Individuiamo delle linee progettuali nel contesto narrativo del tempo.
Partiamo dalle cose stesse rivelate dai luoghi dove sono letteralmente cadute
conformandoli.
Proponiamo cinque proposizioni condensate nei cinque cardini del processo di paesaggio: visibilità,
temporalità, temporaneità, accessibilità e narrazione.
La visibilità ricopre lo spazio dello sguardo con la sua profondità reale e immaginaria, costituendo la
premessa per una buona sistemazione del visibile che anima ogni sistemazione paesaggistica attenta ai luoghi. La sua
funzione estetica mira a quattro fattori essenziali: la percezione del bello, la cultura del gusto, la sensazione di
piacevolezza e una manifesta qualità della vita. Si fonda sulla capacità dello sguardo quale eccellenza del paesaggista
che sa disporre il visibile di una costellazione di elementi in relazione tra loro in: a) un quadro unitario – l’uno in se
stesso distinto; b) un’immagine senza confini; c) uno spettacolo; d) un orizzonte visivo; e) un insieme eterogeneo di
differenze.
La temporalità è la connessione arte – natura – storia nel fluire del tempo. Forma il substrato della trama
di un paesaggio nella sua trasformazione. Qui convergono natura, storia, tradizione, eternità, il flusso passato – presente
– futuro, lo sviluppo – trasformazione del territorio, la continuità delle generazioni e la vita nella sua accezione
universale.
La temporaneità è l’arco momentaneo di una vita con la sua con-temporaneità con le altre epoche
costitutive delle temporalità parziali, che abbiamo chiamato racconti. La temporaneità può occupare lo spazio di un
racconto, parte della temporalità dove tutto fluisce.
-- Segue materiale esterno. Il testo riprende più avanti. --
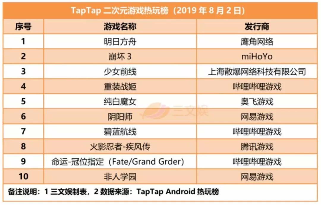 TapTap二次元游戏热玩榜

L’accessibilità rende possibile l’ingresso nella temporalità e nella temporaneità, per cogliere un panorama
con i suoi contenuti e conoscere il proprio ambiente di vita, ammirandolo; scoprire un paesaggio di qualità. È l’accesso
all’accadere: sono le trame e gli avvenimenti che hanno attraversato un luogo, la scoperta del patrimonio, l’accesso
all’identità.
La narrazione, infine, connette i racconti in una forma definitiva con il suo senso, leggibile nel percorso
contemporaneo, dal passato al futuro. È la pratica stessa che perpetua il processo di paesaggio, permettendo il
conservarsi delle condizioni di un’esperienza dello sguardo per entrare nei luoghi e provare emozioni; per scoprire un
sito e leggerlo nella sua totalità e particolarità.
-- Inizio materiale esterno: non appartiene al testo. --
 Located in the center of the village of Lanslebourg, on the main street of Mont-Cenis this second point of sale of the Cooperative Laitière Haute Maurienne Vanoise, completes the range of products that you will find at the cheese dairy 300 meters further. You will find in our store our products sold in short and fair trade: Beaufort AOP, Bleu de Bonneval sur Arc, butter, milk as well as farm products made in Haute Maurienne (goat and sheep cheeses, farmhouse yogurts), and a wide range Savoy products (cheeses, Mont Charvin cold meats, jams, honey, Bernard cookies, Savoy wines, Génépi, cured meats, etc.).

La pratica di paesaggio entra così in un processo di sistemazione trasferibile su ogni realtà perfezionabile
con l’esperienza e la continua riflessione, seguendo le indicazioni del metodo tracciato, rivolto ai luoghi dove
s’interviene. Un processo che elabora relazioni, rapporti di paesaggio tra i vari spazi da sistemare in vista di un quadro il
più possibilmente unitario nella sua eterogeneità: una sistemazione che tiene conto del residente. Un progetto che
perpetua il processo di paesaggio, inserendo nella narrazione lo spirito del suo tempo.